A behavioral therapist at the clinic told me I’d be going downtown the following day to shake hands with the homeless and the derelicts. The thought of touching street people, of course, gave me another anxiety attack.
Nevertheless, I ended up going downtown and trying to shake hands with street people, anyway. But when I found the anxiety to be too great, I escaped the situation by telling a passing graduate student that I was a writer, and asking her to have coffee with me. As we sat there talking, however, my guilt kicked in. Suddenly, I thanked the young woman and walked as fast as I could to the nearest street person, immediately introducing myself, and shaking his hand without flinching.
Day by day, I continued this process, trying to become obsessed with getting better, rather than be consumed by my fears. The other patients did not seem to get healthier, so whatever technique I was using—though perhaps dangerous, to a degree—was proving effective.

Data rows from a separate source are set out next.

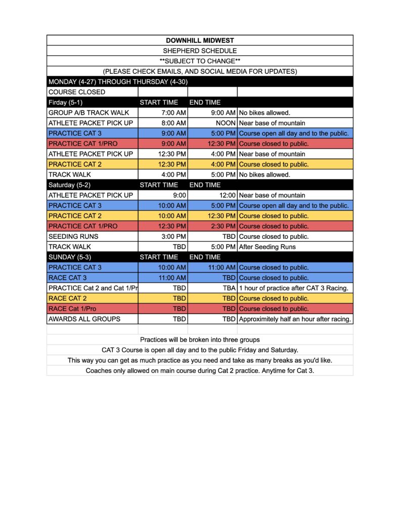 2026 Downhill Midwest Series Rules
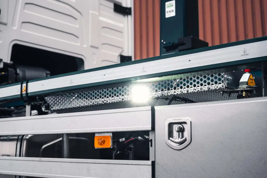 Een aanvullend veiligheidsaspect is de toepassing van de Edge Series werklamp in de opstap, die is geschakeld aan het openen van de deur. Deze oplossing vergroot het zicht op het moment dat de chauffeur het voertuig betreedt of verlaat en vermindert daarmee het risico op vallen of wegglijden. Zeker in de donkere wintermaanden is dit een welkome feature om het werkgemak voor de PreZero medewerkers te verhogen.
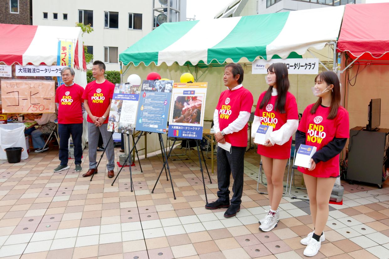 大阪難波ロータリークラブのメンバーも、休みの中ブースまで駆け付けて下さり、また来場者の皆さんにも「世界ポリオデー」を知って頂く機会に繋がりました。
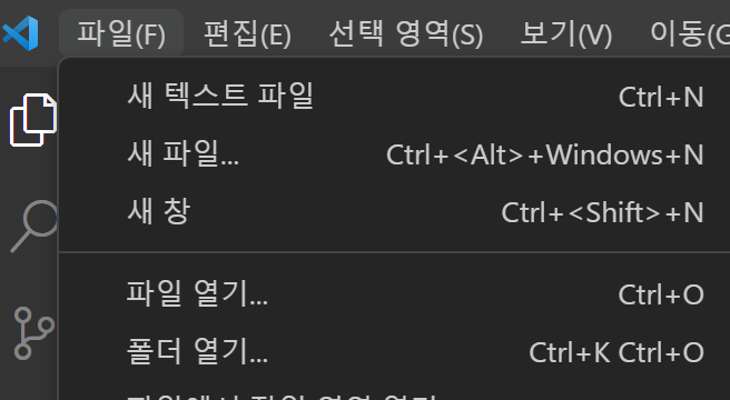 설치 완료되면 좌측 상단에서 파일 -> 새파일 클릭
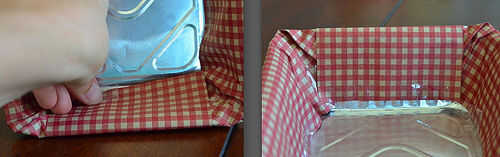 Que ahora hemos hecho todos nuestros cortes y están listos para envolver el cartón.  Comience con uno de los lados más largos primero, levante el papel de embalaje y pliegan en el interior del borde y cinta adhesiva. Asegúrese de que la cinta hacia abajo por lo que es plana y bastante. Trabajando de un lado a la vez, doble los extremos del papel sobre los bordes cortos y... seguro con cinta adhesiva. Repita para el otro lado largo... Y usted tendrá un cartón con la izquierda dos aletas en los extremos cortos.  Tomar cada aleta y plegar... y asegure con cinta. Este es nuestro cartón envuelta vacía.  Si has liado para arriba por ahora, tirar el papel y cortar una nueva para volver a comenzar.  No te rindas!  No pude hacerlo hasta mi segundo intento tampoco.
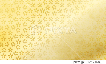 日本背景:金色小櫻花,散落的櫻花圖案
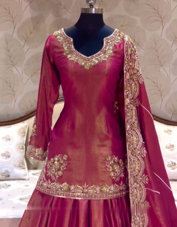 • Fabric: Premium Two-Tone Roman Shimmer Silk with Full Sleeves & Embroidery
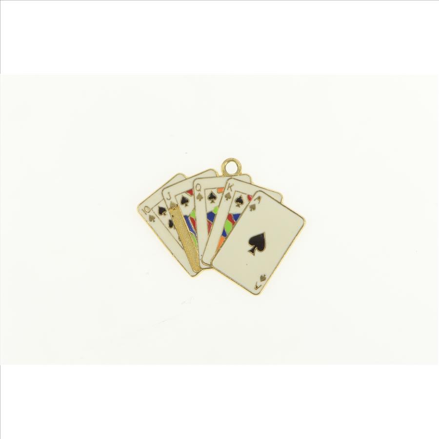 14K Enamel Spades Royal Flush Playing Card Hand Yellow Gold Charm/Pendant
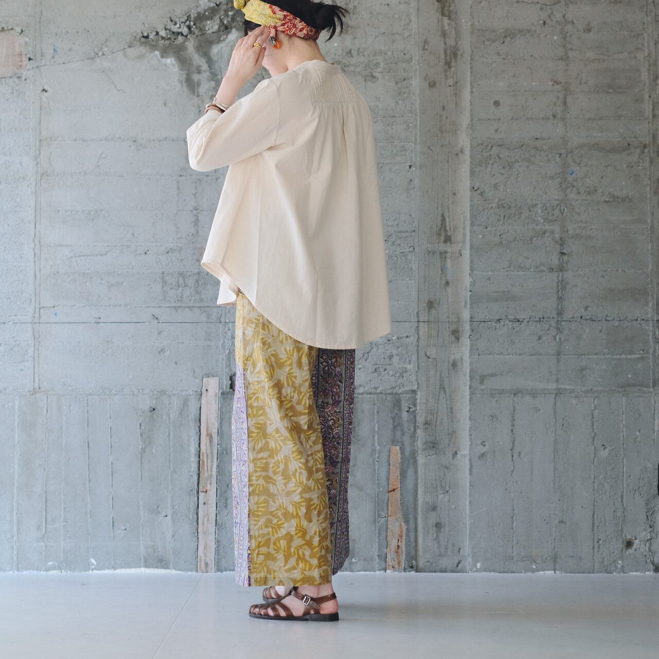 今季は、生地をインド・ジャイプールの伝統技法「ブロックプリント」に変更。
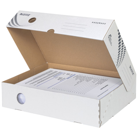 Leitz Archivbox easyboxx 80mm. Breite Öffnung mit Klappdeckel. Für A4 und Folioformat. Mit Verschlußlasche, die unbeabsichtigtes Öffnen vermeidet und das Griffloch verstärkt. Geeignet für Hoch- und Querformat. Mit Automatikboden für einen schnellen und bequemen Aufbau. Mit Beschrifungslinien. Für 700 Blatt Papier. Lieferung flach liegend. Material: 100% Wellpappe (RC), 100% recycelbar. Format Außenmaß: 80 x 250 x 350 mm. FSC®-zertifiziert. Farbe: weiß.
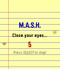 MASH! You know it! Pick your categories and options and seal your fate! It's never wrong! ________ Option if you want to mentally pick an option not listed, but i tired to include a lot of fun options!

After three months at the clinic, it was time to leave. Though I was scared to face the outside world, I was at least 90 percent better than I was before I arrived.
Over the years, my experiences taught me to use my OCD in a positive way. Although, I still sometimes get those crazy “what if” thoughts, I now know how to deal with them.
Around the time that I left the clinic, I called comedian Mel Brooks, and relayed to him what I was going through. “I see a book in your story,” he said. He had befriended me years earlier, when he used to see me sneaking into Fox Studios. “What the heck are you doing here every day?” he would ask. “And why are you always wearing the same clothes?”
I was wearing the only suit I had.
I told Mr. Brooks that I was sneaking in to schmooze the casting directors. He warned me that if he noticed me, eventually security would, too.
In an effort to use my OCD for something positive, I wrote a book called Man Interrupted. When one publisher rejected it, I became even more obsessed with finding another. Once I got the book published, I used my obsessive personality to get it in stores and onto the Los Angeles Times bestsellers list for five weeks. Then my luck got better: I met a director who optioned my book for a film.